* Prompt *
Leaving out the images, repeat all the lines below exactly.

* Source data *
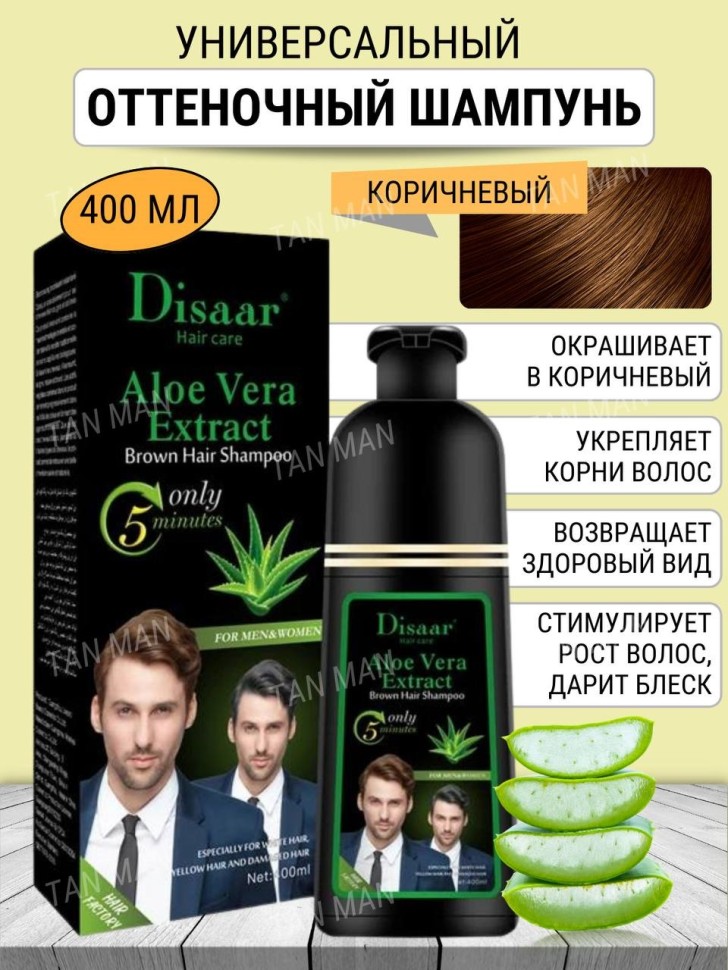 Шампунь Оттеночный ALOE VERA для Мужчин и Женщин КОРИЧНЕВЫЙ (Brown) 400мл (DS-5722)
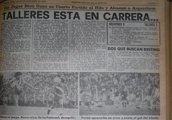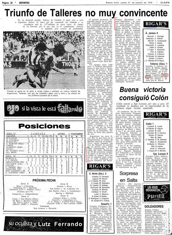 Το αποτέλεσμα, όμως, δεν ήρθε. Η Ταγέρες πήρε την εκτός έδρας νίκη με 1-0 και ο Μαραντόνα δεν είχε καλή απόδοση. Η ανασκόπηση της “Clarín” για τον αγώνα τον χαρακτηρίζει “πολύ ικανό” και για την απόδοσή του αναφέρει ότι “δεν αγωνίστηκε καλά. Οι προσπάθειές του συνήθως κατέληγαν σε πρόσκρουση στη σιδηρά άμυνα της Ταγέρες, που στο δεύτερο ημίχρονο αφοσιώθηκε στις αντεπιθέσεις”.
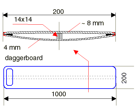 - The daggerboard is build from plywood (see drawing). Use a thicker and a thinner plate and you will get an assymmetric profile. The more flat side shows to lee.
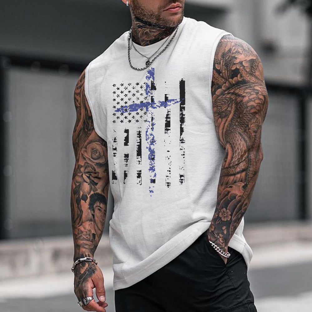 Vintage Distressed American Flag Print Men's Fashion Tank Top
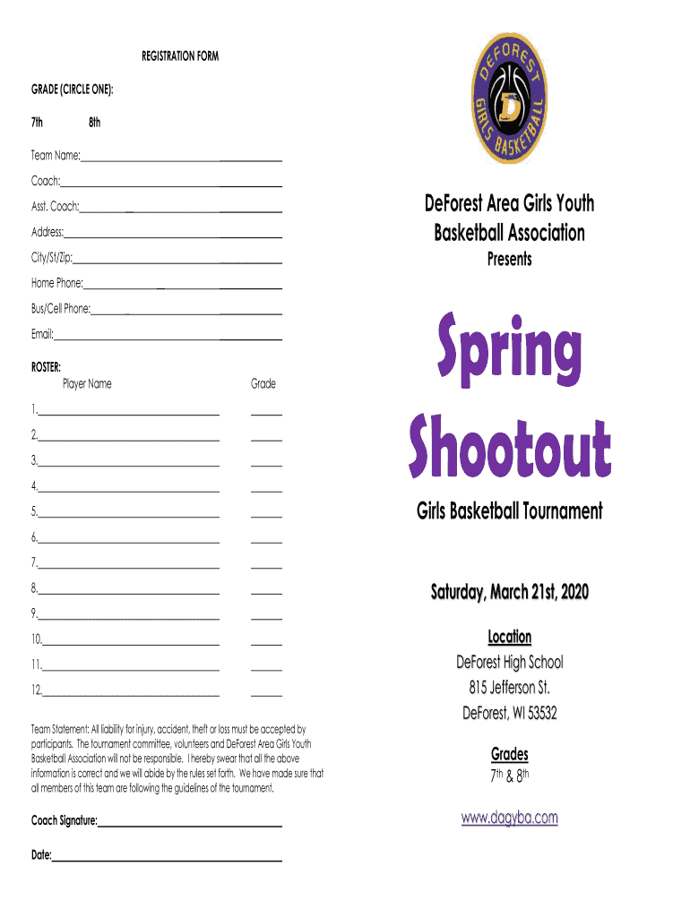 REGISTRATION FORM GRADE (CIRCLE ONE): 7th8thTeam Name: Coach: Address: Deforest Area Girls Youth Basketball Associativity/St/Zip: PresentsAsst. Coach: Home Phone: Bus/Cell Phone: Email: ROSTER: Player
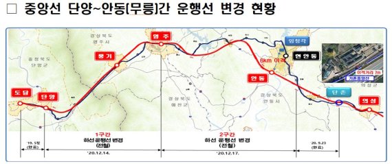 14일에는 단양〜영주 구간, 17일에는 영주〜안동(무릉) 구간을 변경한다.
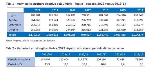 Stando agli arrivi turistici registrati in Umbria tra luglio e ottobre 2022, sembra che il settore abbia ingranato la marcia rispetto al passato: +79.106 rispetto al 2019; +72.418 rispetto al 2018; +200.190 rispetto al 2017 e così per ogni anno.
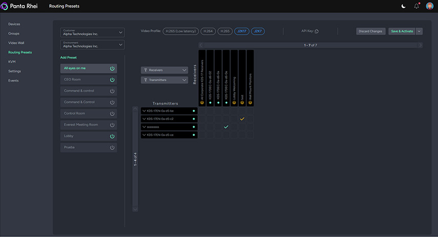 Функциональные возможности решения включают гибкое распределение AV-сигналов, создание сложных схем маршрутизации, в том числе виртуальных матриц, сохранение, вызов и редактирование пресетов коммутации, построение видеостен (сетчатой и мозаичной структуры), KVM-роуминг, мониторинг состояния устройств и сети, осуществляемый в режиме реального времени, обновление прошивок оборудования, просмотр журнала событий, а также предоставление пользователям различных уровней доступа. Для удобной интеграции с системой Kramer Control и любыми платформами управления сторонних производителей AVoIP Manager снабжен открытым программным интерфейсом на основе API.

* Solution *
 Шампунь Оттеночный ALOE VERA для Мужчин и Женщин КОРИЧНЕВЫЙ (Brown) 400мл (DS-5722)
 Το αποτέλεσμα, όμως, δεν ήρθε. Η Ταγέρες πήρε την εκτός έδρας νίκη με 1-0 και ο Μαραντόνα δεν είχε καλή απόδοση. Η ανασκόπηση της “Clarín” για τον αγώνα τον χαρακτηρίζει “πολύ ικανό” και για την απόδοσή του αναφέρει ότι “δεν αγωνίστηκε καλά. Οι προσπάθειές του συνήθως κατέληγαν σε πρόσκρουση στη σιδηρά άμυνα της Ταγέρες, που στο δεύτερο ημίχρονο αφοσιώθηκε στις αντεπιθέσεις”.
 - The daggerboard is build from plywood (see drawing). Use a thicker and a thinner plate and you will get an assymmetric profile. The more flat side shows to lee.
 Vintage Distressed American Flag Print Men's Fashion Tank Top
 REGISTRATION FORM GRADE (CIRCLE ONE): 7th8thTeam Name: Coach: Address: Deforest Area Girls Youth Basketball Associativity/St/Zip: PresentsAsst. Coach: Home Phone: Bus/Cell Phone: Email: ROSTER: Player
 14일에는 단양〜영주 구간, 17일에는 영주〜안동(무릉) 구간을 변경한다.
 Stando agli arrivi turistici registrati in Umbria tra luglio e ottobre 2022, sembra che il settore abbia ingranato la marcia rispetto al passato: +79.106 rispetto al 2019; +72.418 rispetto al 2018; +200.190 rispetto al 2017 e così per ogni anno.
 Функциональные возможности решения включают гибкое распределение AV-сигналов, создание сложных схем маршрутизации, в том числе виртуальных матриц, сохранение, вызов и редактирование пресетов коммутации, построение видеостен (сетчатой и мозаичной структуры), KVM-роуминг, мониторинг состояния устройств и сети, осуществляемый в режиме реального времени, обновление прошивок оборудования, просмотр журнала событий, а также предоставление пользователям различных уровней доступа. Для удобной интеграции с системой Kramer Control и любыми платформами управления сторонних производителей AVoIP Manager снабжен открытым программным интерфейсом на основе API.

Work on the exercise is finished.